In the case of topical drug therapies and PDT, there are drugs approved for lesion-directed, as well as those approved for field-directed therapy of AK. When selecting the form of therapy, the respective approval should be taken into account. The choice of therapy also depends on the previous course of the disease, the age of the patient, the medications to be taken, and the extent of the skin damage (solitary AK lesions or field cancerisation).8 Other available but exclusively lesion-directed therapeutic options, such as cryotherapy and other surgical procedures, are rather unsuitable for the treatment of field cancerization. The advantage of field-directed therapy options is that they are used to treat subclinical lesions in addition to those that have been clinically diagnosed.13
According to a 2014 network meta-analysis, PDT with narrow-spectrum red light is currently considered the most effective treatment modality for mild to moderate AKs on the face and scalp.17 In another meta-analysis of treatment interventions for AK, ALA-PDT showed the highest probability of complete clearance.18

References

  1. De Berker et al.

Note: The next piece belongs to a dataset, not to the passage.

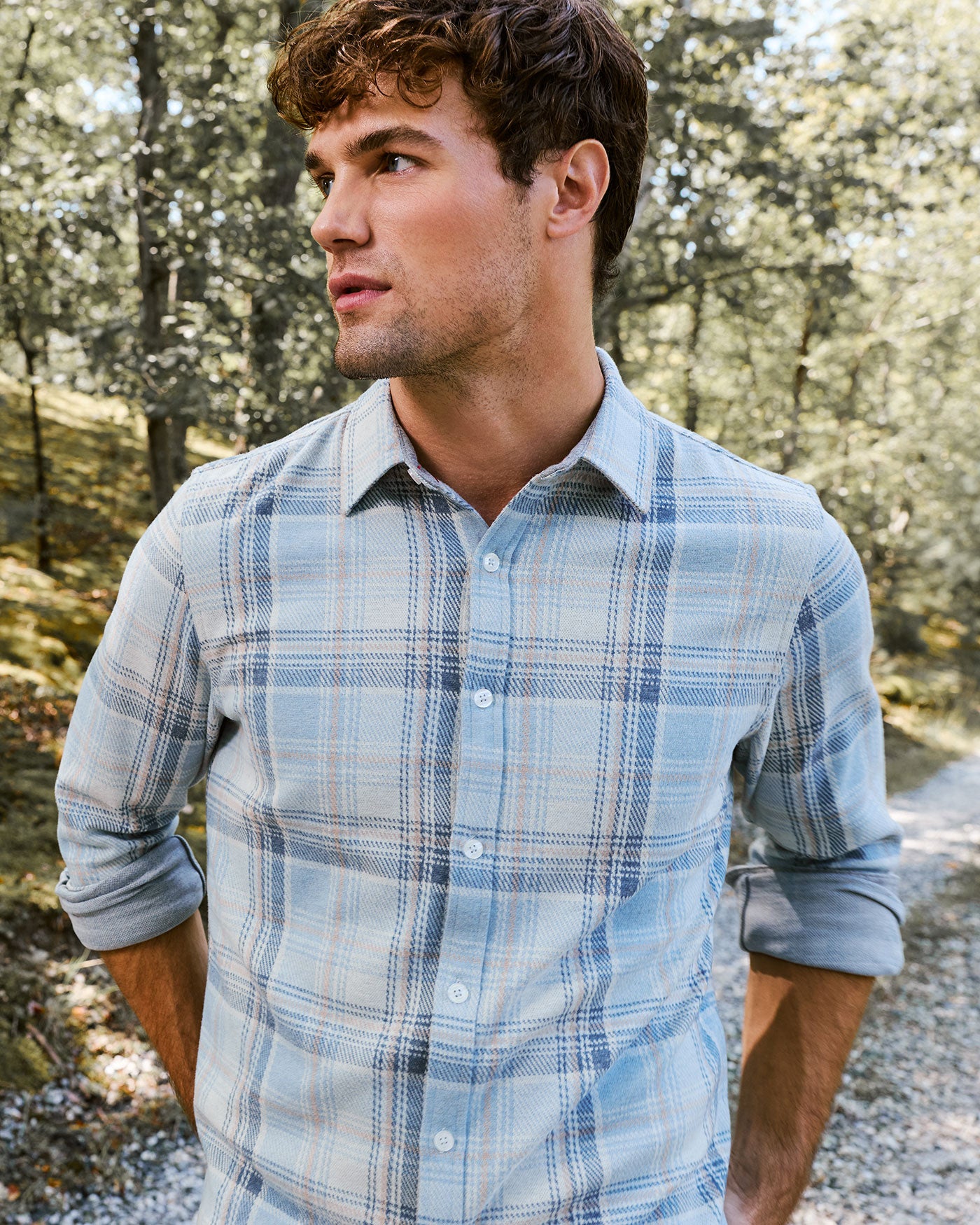 With a blend of extremely soft and stretchy knit performance fabric, you’ll find yourself reaching for this fall favorite all season long. Layer over your favorite tees, or on its own– this endlessly versatile flannel can be worn anytime, anywhere. Contrast fabric inside collar stand, back yoke, front placket, and sleeve cuffs. Single front chest pocket; button closures. Tailored athletic fit.

British Journal of Dermatology 2017;176: 20–43
  2. Emre S. World J Dermatol 2016;5:115-124.
  3. Criscione VD, et al. Cancer 2009;115:2523–30.
  4. Harvey I et al. Br J Cancer 1996;74:1302–7.
  5. Memon AA et al. Br J Dermatol 2000;142:1154–9.
  6. Frost CA and Green AC. Epidemiology of solar keratoses. Br J Dermatol. 1994 Oct;131(4):455-64.
  7. Schwartz RA et al. J Eur Acad Dermatol Venereol 2008;22:606-615.
  8. Dirschka T et al. J Dermatolog Treat 2017;28:431-442.
  9. Olsen EA et al. J Am Acad Dermatol 1991;24:738-743.
  10. Röwert-Huber J et al. Br J Dermatol 2007;156(Suppl 3):8-12.
  11. Schmitz L et al. J Eur Acad Dermatol Venereol 2016;30:1303-1307.
  12. Schmitz L et al. J Eur Acad Dermatol Venereol 2018;32:745-751.
  13. Werner RN et al. J Eur Acad Dermatol Venereol 2015;29:2069-2079.
  14. Fernández-Figueras MT et al. J Eur Acad Dermatol Venereol 2015;29:991-997.
  15. Schmitz L et al. Br J Dermatol 2019;180:916-921.
  16. Reinhold U. Future Oncol 2017;13:2413-2428.